BEGIN Exercise data

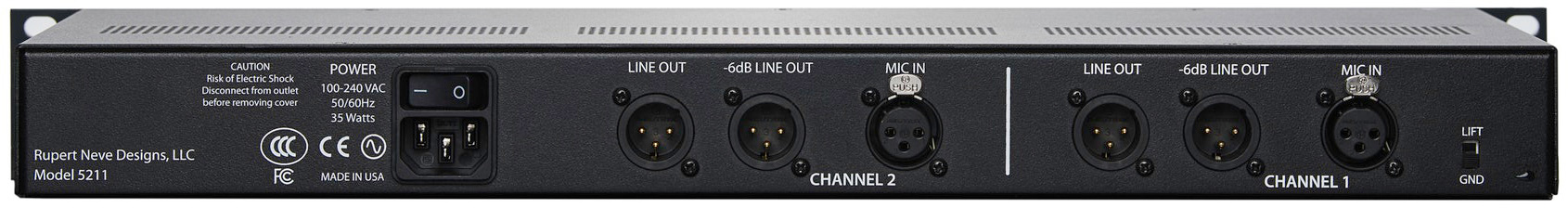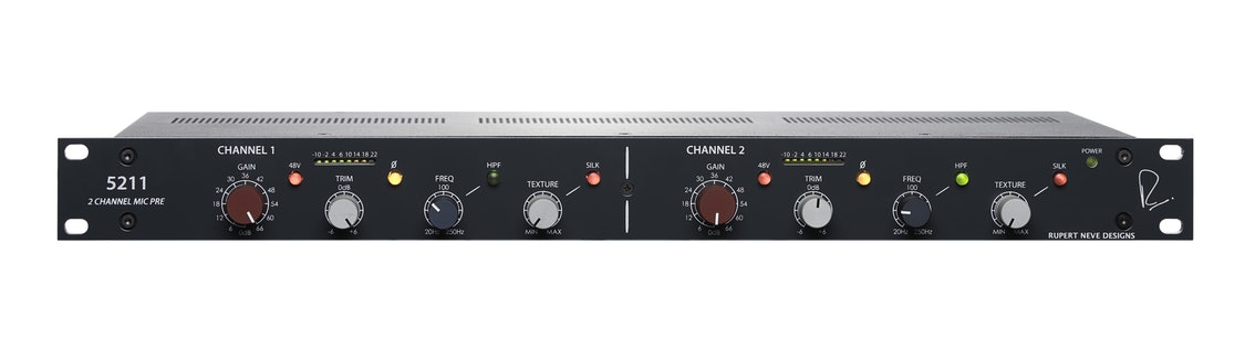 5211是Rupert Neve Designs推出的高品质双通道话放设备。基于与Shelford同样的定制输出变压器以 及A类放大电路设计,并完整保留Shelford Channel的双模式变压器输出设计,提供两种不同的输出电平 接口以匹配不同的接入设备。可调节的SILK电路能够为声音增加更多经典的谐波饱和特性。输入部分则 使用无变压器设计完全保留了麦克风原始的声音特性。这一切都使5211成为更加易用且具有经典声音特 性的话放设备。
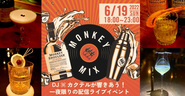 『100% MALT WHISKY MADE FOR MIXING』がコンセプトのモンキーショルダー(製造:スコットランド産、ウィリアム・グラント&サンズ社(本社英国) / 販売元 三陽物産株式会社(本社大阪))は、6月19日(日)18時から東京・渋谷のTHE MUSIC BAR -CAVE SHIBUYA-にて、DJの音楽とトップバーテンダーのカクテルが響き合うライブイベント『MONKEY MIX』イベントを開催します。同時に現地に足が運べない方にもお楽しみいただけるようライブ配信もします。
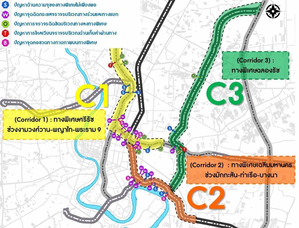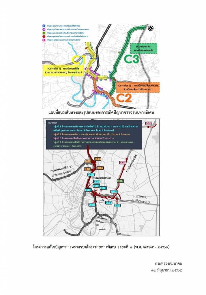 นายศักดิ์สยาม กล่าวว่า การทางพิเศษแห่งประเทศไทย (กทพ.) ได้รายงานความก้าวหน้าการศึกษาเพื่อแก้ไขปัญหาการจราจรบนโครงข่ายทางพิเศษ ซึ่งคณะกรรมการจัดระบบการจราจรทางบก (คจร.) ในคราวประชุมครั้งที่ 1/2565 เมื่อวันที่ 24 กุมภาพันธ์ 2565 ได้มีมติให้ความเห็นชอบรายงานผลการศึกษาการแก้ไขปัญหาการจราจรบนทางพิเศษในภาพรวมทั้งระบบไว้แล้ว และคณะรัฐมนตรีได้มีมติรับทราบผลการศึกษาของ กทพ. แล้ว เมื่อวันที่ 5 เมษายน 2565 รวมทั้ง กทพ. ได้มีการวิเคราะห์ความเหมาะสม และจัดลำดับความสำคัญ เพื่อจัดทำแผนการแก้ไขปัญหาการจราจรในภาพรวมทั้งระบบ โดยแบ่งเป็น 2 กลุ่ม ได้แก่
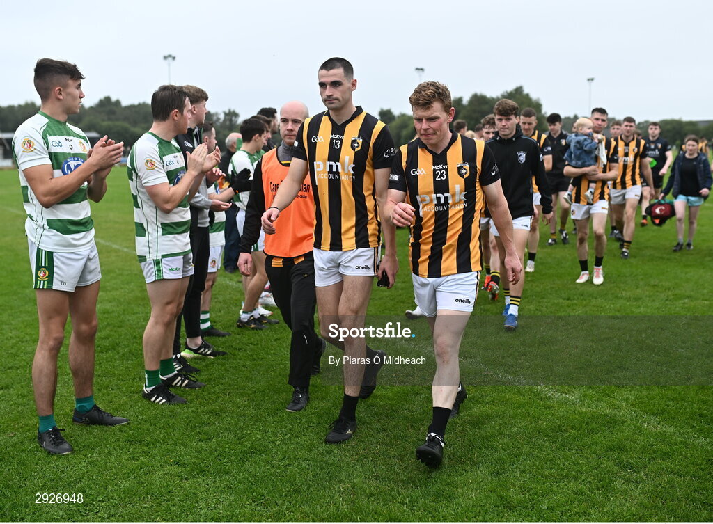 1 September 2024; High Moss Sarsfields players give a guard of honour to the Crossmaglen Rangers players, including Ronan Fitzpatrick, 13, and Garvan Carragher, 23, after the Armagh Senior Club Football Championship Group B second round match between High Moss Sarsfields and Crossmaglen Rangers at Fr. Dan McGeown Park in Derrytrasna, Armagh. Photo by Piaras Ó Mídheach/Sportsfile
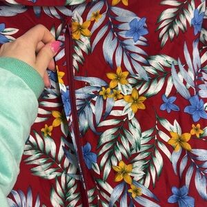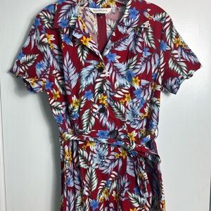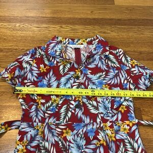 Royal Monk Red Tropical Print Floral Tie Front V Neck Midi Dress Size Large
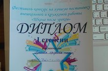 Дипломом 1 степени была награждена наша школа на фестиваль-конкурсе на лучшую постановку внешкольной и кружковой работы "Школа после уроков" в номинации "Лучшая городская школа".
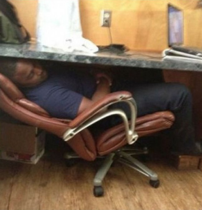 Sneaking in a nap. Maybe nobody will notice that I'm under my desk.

END Exercise data

■ Exercise aim ■
From the line containing "Дипломом 1 степени" through the final line of the records, write out each line exactly, and include no pictures.

■ The completed task ■
 Дипломом 1 степени была награждена наша школа на фестиваль-конкурсе на лучшую постановку внешкольной и кружковой работы "Школа после уроков" в номинации "Лучшая городская школа".
 Sneaking in a nap. Maybe nobody will notice that I'm under my desk.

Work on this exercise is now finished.